~230,000
BN(O) visas granted since 2021
~11,750
Canada HK Pathway PR approvals (Apr 2025)
-47%
BN(O) applications change 2025 vs 2024
2025-02-07
Canada lifeboat work permit end date
Who this guide is for
This is written for Hongkongers at three stages:
- Still in Hong Kong, weighing BN(O) vs. Canada vs. Australia vs. Taiwan Gold Card vs. staying.
- Already overseas on a BN(O) or HK Pathway visa, deciding whether to push to settlement or reconsider the destination.
- Already settled and thinking about returning to Hong Kong, or moving onward to a third country.
The content is neutral and factual. It does not advocate any particular decision, make political judgments about Hong Kong, or use Western-media framing. It tries to be the guide you would want to hand a thoughtful friend.
Where the four destinations actually stand in 2026
United Kingdom — BN(O) visa
Scope: BN(O) status holders and their family units (including adult children born on or after 1 July 1997 as of the 2022 expansion). A BN(O) passport is not required to apply — BN(O) status is.
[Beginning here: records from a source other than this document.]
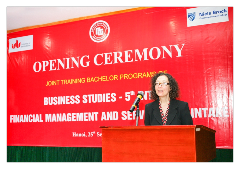 Faculty of International Education, Foreign Trade University held a solemn opening ceremony of the training bachelor programs with the presence of Danish Ambassador to Vietnam, Representative of British Embassy in Vietnam, President of Foreign Trade University, Director of Niels Brock Copenhagen Business College (Denmark) and lecturers of the programs.
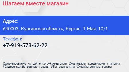 Шагаем вместе, магазин по адресу 640003, Курганская область, Курган, 1 Мая, 10/1 в дальнейшем Организация, размещена в следующих категориях:
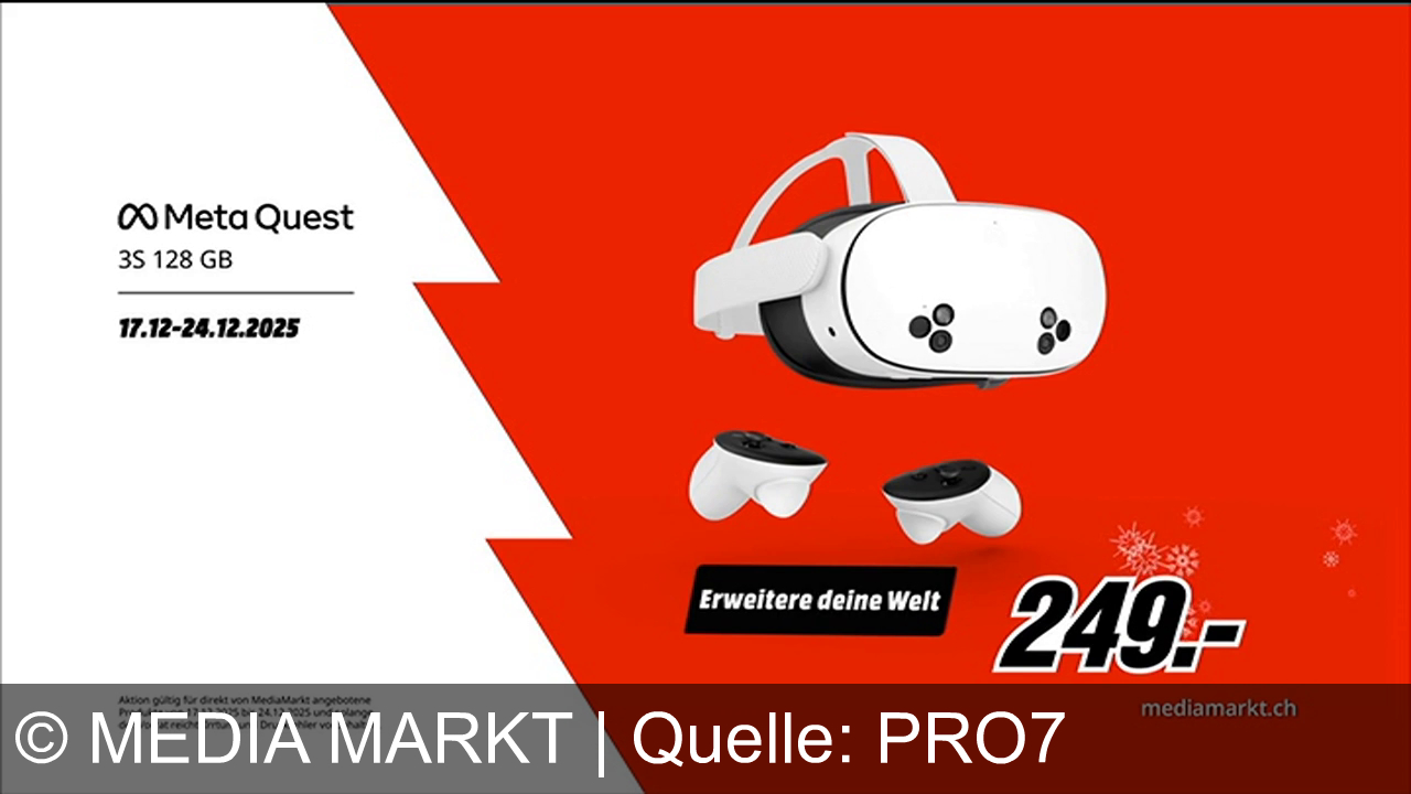 Meta Quest 3S 128 GB und Controller auf rotem Hintergrund. Angebot vom 17.12. bis 24.12.2025 für 249.- CHF. Slogan: "Erweitere deine Welt". Schnee-Design-Elemente und MediaMarkt-Logo. Website angegeben: mediamarkt.ch.
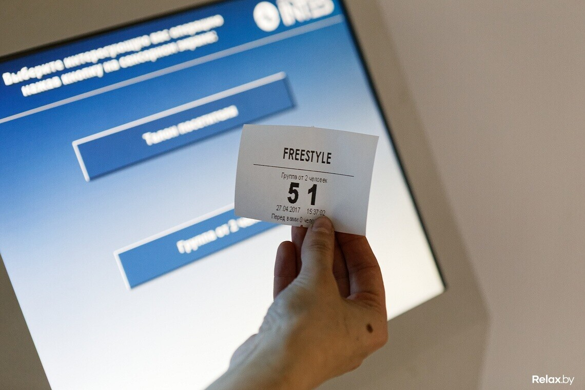 На входе в аквапарк нас встречает — сюрприз! — электронная очередь в кассу. Очень удобная штука при большом наплыве посетителей: взял талончик и спокойно ждешь, пока тебя пригласят.
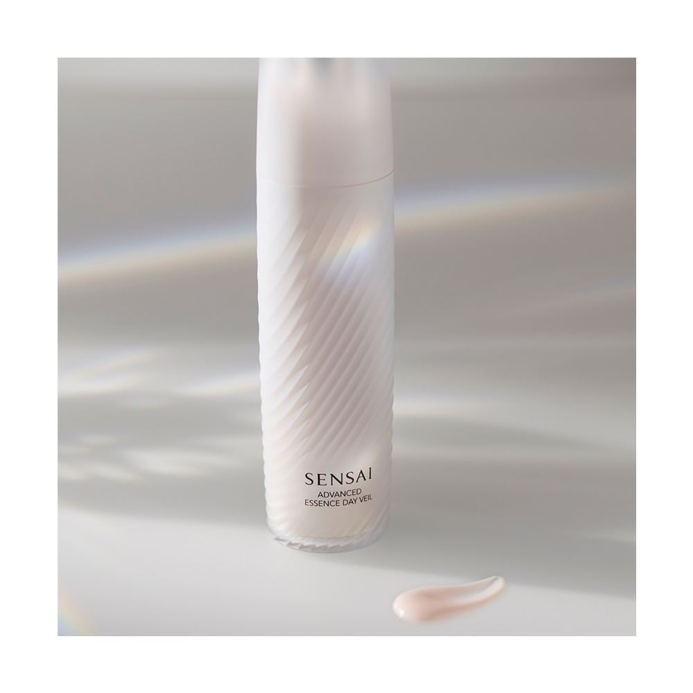Essence Day Veil - Eine Anti-Ageing-Tagesessenz mit UV-Schutz Faktor 50. Die einzigartige Formulierung vereint die charakteristische Koishimaru Seide EX mit dem Firming Boost Complex von Sensai, um die Hautelastizität zu verbessern. Die Lamella UV‑Formel mit SPF 50 schützt vor der täglichen Sonneneinstrahlung, die zu sichtbarer Hautalterung führt. Die leichte und seidige Textur verbindet sich sofort mit der Haut und sorgt für eine straffe und geschmeidige Haut, ohne Spannungsgefühl oder Trockenheit. Diese leichte und dennoch intensiv pflegende, seidige Essenz ist eine Wohltat für die tägliche Hautpflege und bildet den abschliessenden Schritt Ihrer Hautpflege‑Routine. Ergänzen Sie Ihre Saho Doppel‑Befeuchtungs‑Pflege, indem Sie die Advanced Day Veil SPF50 in Ihr morgendliches Hautpflegeritual integrieren. Ihre Haut bleibt damit vor der täglichen UV-Strahlung geschützt und bewahrt die natürliche Schönheit.
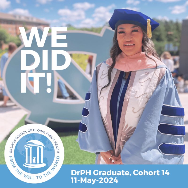 After a nearly seven-year journey, Racquel graduated with her Doctor of Public Health (DrPH) degree from the University of North Carolina Gillings School of Public Health in May 2024. Proud to be a 1st generation American, a woman of color in STEM, and of Filipino ancestry, Racquel added a stole to her regalia, handmade by Philippine artisans with embroidery that is deeply symbolic of both her ancestry and commitment to community.
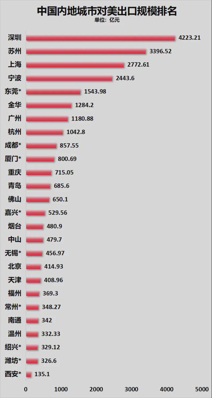 苏州对美出口超过3000亿,上海、宁波超过2000亿。
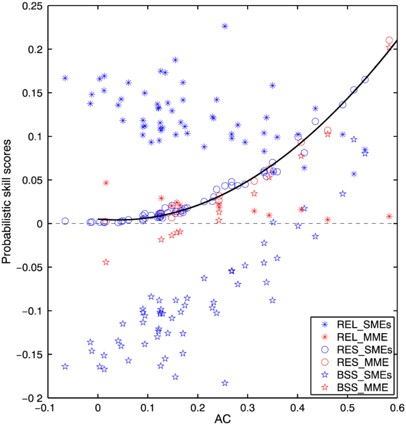 图1 西北太平洋-东亚夏季风(850hPa纬向风及降水)区域合计的可靠性(REL; 星号)、分辨力(RES; 空心圆圈)、总概率预报技巧(BSS; 空心五角星)对确定性预报技巧(AC)散点图。其中,蓝色代表五个单模式,红色代表多模式集合。黑色曲线代表分辨力与确定性技巧之间的二次多项式拟合关系。图中展示的概率技巧是“Above-normal”和“Below-normal”两个种类事件的平均技巧。
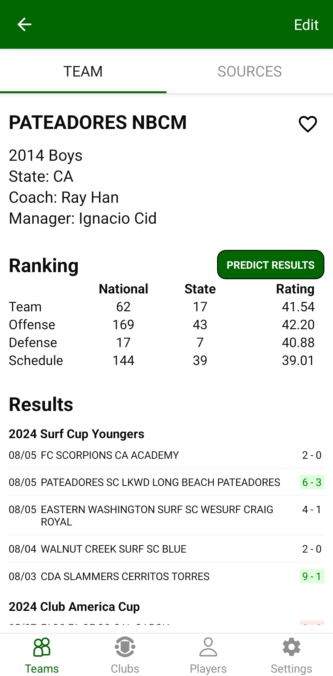 There is another great part of the app. You can click on any team on it and see the game results for that team. Nationals proved to me that the algorithm isn't perfect and I think there should be more weighting to the "difficulty of schedule". I say that because of the dominance of SoCal. We play great teams and a lot of other clubs play very sub-par teams, beat them 9-0, and the app gives them way too much credit. Really good teams can absolutely score goals at will against really weak teams and you learn nothing playing those teams if the score is 4-0 or 14-0.
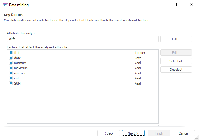 This type of analysis calculates a degree of influence of each factor on the dependent attribute and detects the most significant factors.

Volume: Approximately 230,000 BN(O) visas granted since the scheme opened on 31 January 2021; roughly 170,000 Hongkongers have actually arrived in the UK. The UK Home Office impact assessment projected 258,000–322,400 arrivals over the first five years; the actual trajectory has tracked to the lower end.
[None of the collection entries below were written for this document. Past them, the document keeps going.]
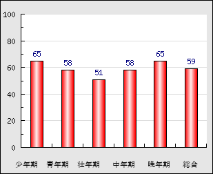 ※年代別運勢グラフは、あくまでも時期別の運勢を概算したものですので参考程度にご覧ください。少年期や青年期の運勢が平均と比べて高い場合は比較的若い頃に成功や幸福があり、反対に中年期や晩年期の運勢が平均と比べて高い場合は後年に華開く大器晩成型と言えるでしょう。ただし、少年期の運勢が低いからと言って、若い頃は成功しないといったことではありません。
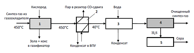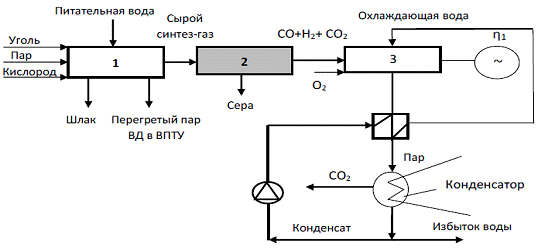 Одним из первых проектов ПГУ с депонированием углекислого газа является угольная ПГУ IGCC с системой CCS до сжигания – ТЭС FutureGen (США, штат Иллинойс). Согласно схеме, представленной на рис. ниже, кислород с чистотой 95% подается в поточный двухстадийный газификатор типа E-Gas. В газификатор подают ВУС, состоящую по массе на 40% из воды и 60% из угля. В качестве топлива планируется использовать уголь Illinois #6 со следующими характеристиками: C= 67,2%, N= 1,0%, S= 3,6%, Cl= 0,19%, O2 = 12,3%, Ac = 10,7%. Предполагаемая компоновка системы газоочистки ТЭС FutureGen: 1 – золоуловитель; 2 – конденсационная установка; 3 – гидролизная установка; 4 – удаление кислоты; 5 – установка Клауса На ТЭС FutureGenполученный углекислый газ будет сжиматься пятиступенчатым компрессором до давления 20,4 МПа, охлаждаться до температуры 150°С с переводом в жидкое состояние, после чего депонироваться. Водород в смеси с кислородом будет направляться в камеру сгорания газовой турбины. Для регулирования температуры горения смесь необходимо дополнительно разбавлять азотом из воздухоразделительного устройства. После ГТУ устанавливается котел-утилизатор, выполняющий функции охладителя/конденсатора продуктов сгорания и генерирующий пар высокого давления для паровой турбины (31 МПа, 648°С). 5. Проекты ПГУ IGCC/CCS cо связыванием СО2 после сжигания в турбине Данная установка внедряется компанией CES на демонстрационной ТЭС Kimberlina (Калифорния, США) в рамках проекта Zero emission power plants (ZEPP). Развитие установки намечено в три этапа. На первом предполагается использовать в качестве топлива природный газ, на втором – синтез-газ внутрицикловой газификации угля / биомассы с системой CCS после сгорания (Oxyfuel), на третьем – создание ПГУ IGCC / CCS на базе высокотемпературной паротурбинной установки (ВПТУ). Согласно схеме второго этапа, очищенный синтез-газ, состоящий из Н2, СО и СО2, направляется в камеру сгорания газовой турбины для сжигания в кислороде. В результате на выходе из газовой турбины получают смесь водяного пара и углекислого газа, разделение которой происходит в конденсаторе/сепараторе. Полученная в конденсаторе вода после нагрева используется для снижения температуры в камере сгорания газовой турбины до 538–593°С. Особенностью камеры сгорания является подача в нее не чистого водорода, а смеси газов – CO, CO2, H2, H2O. Это может быть синтез-газ из угля/биомассы или природный газ. Аналогичные проекты будут реализованы компанией CESв Голландии (проект SEQ-1), Норвегии (проект ZENG) и США. К 2015 году компания CESпланирует модернизировать данную технологию (третий этап) путем объединения газовой и паровой турбины в одном агрегате – высокотемпературной паротурбинной установке ВПТУ. Модернизированная схема связывания СО2 после сжигания показана на рис.: ![]() Модернизированная схема ПГУ-Т IGCC/CCSсо связыванием СО2 после сжигания и с ВПТУ: 1 – газификатор с газоохладителем; 2 – система газоочистки; 3 – ВПТУ
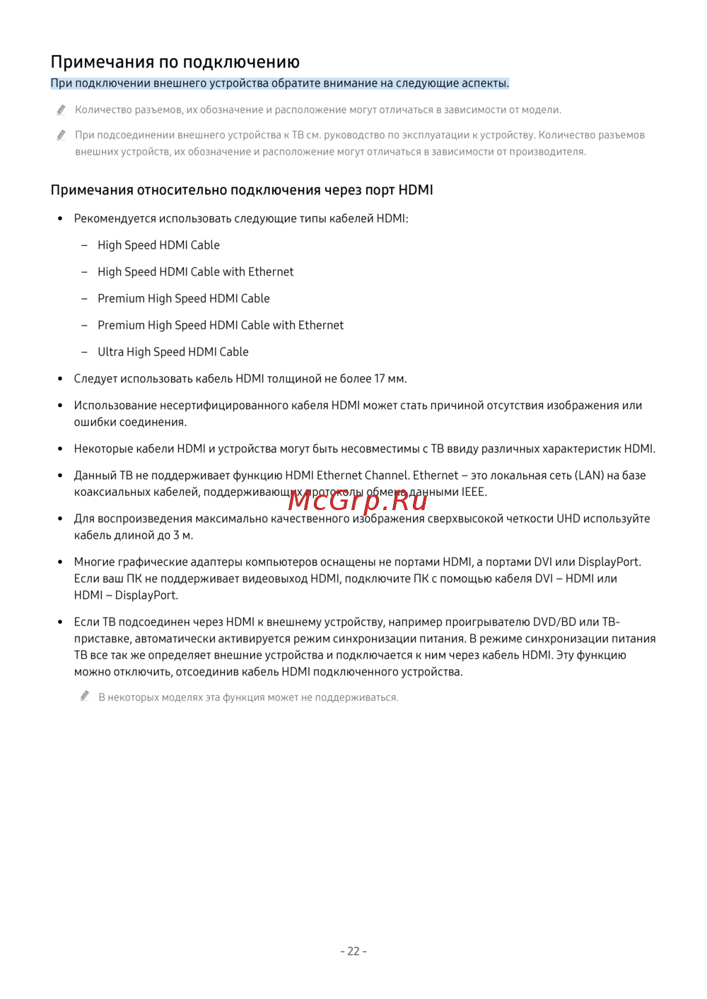 Samsung QE55QN700BU [22/299] Примечания относительно подключения через порт hdmi

2025 trend:BN(O) applications fell by roughly 47% in 2025 compared with 2024. Two factors: the initial wave has largely applied; and early arrivals are approaching the 5-year Indefinite Leave to Remain (ILR) milestone, so the conversation has shifted from “apply” to “settle.” As of late 2025, approximately 670 Hongkongers had been granted ILR under the BN(O) route; this will accelerate in 2026–2027 as 2021 arrivals clear the 5-year bar.
Settlement and citizenship path: ILR after 5 years of continuous residence (subject to absences rules). British citizenship typically one year after ILR. This is unusually favourable for an investor/family visa route — substantially better than Canada, Australia, or Taiwan Gold Card in settlement-timing terms.
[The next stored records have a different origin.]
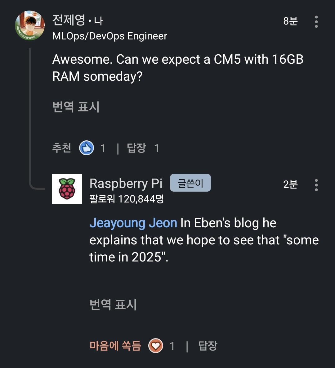 특히 라즈베리파이에서 경량의 SLM(sLLM) 모델을 돌리려면, 8GB 메모리로 부족한 경우가 많았습니다. 16GB 메모리까지 지원한다면 업계에서 IoT 기반 온디바이스 AI를 개발하는데 많은 도움이 될 거 같습니다.
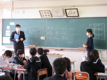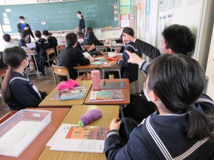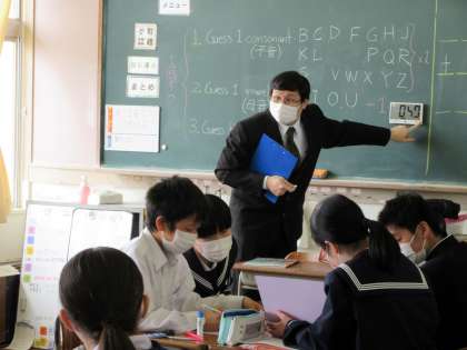 レイ先生との英語の授業。文をつくるのに、子音があるか,グループで考えています。「あれじゃない?」
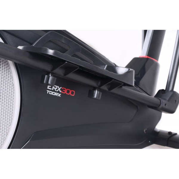 Орбітрек Toorx Elliptical ERX 300 (ERX-300) з преміальної лінійки Chrono Line італійського виробника Garlando S.p.A. призначений для інтенсивного кардіотренування в домашніх умовах. Тренажер має 32 рівня навантаження, що регулюються за допомогою сучасного комп'ютера. 16-кілограмовий маховик створює чудову плавність ходу, знижуючи навантаження на суглоби та мінімізуючи ризик отримання травми в процесі занять. Орбітрек розрахований на вагу до 150 кг, а довжина кроку 41 см припаде до вподоби вимогливим користувачам. Вбудований приймач для бездротового датчика вимірювання пульсу буде доречним під час тренування по одній з чотирьох пульсозалежних програм. Консоль тренажера має тримач для смартфона / планшета і підтримує Bluetooth для інтеграції з популярними додатками iConsole+ Training та Kinomap, які перетворять монотонне тренування в захоплюючий процес.

Cost reality: UK BN(O) visa fees approximately £180 per person (2.5-year route) or £250 per person (5-year route), plus Immigration Health Surcharge (£1,035/adult/year, £776/child/year). For a family of four on the 5-year route, total visa and IHS costs approach £18,000–20,000 up front.
Canada — Hong Kong Pathway (Stream A and Stream B)
Scope: Two streams:
- Stream A — in-Canada graduates of a Canadian post-secondary institution (graduated in the prior 3 years), applying for PR.
- Stream B — applicants with at least 1 year of Canadian work experience in the 3 years prior. Education requirement was removed August 15, 2023.
Volume: As of April 30, 2025, approximately 34,000 PR applications had been received across both streams; approximately 11,750 had been approved. The open work permit programme had received over 49,000 applications with more than 40,500 approved by end of 2024.
2025 changes:On February 7, 2025, IRCC ended the open-work-permit “lifeboat” scheme for recent Hong Kong graduates. Existing PR applicants remain in processing but the new-entrant gateway is materially reduced. Most post-2025 applications are expected to be processed only after 2027 due to backlog.
Settlement and citizenship path: Once PR is granted, Canadian citizenship is available after 3 of the prior 5 years in Canada as a PR. In practice this means roughly 3–5 years from PR approval to citizenship.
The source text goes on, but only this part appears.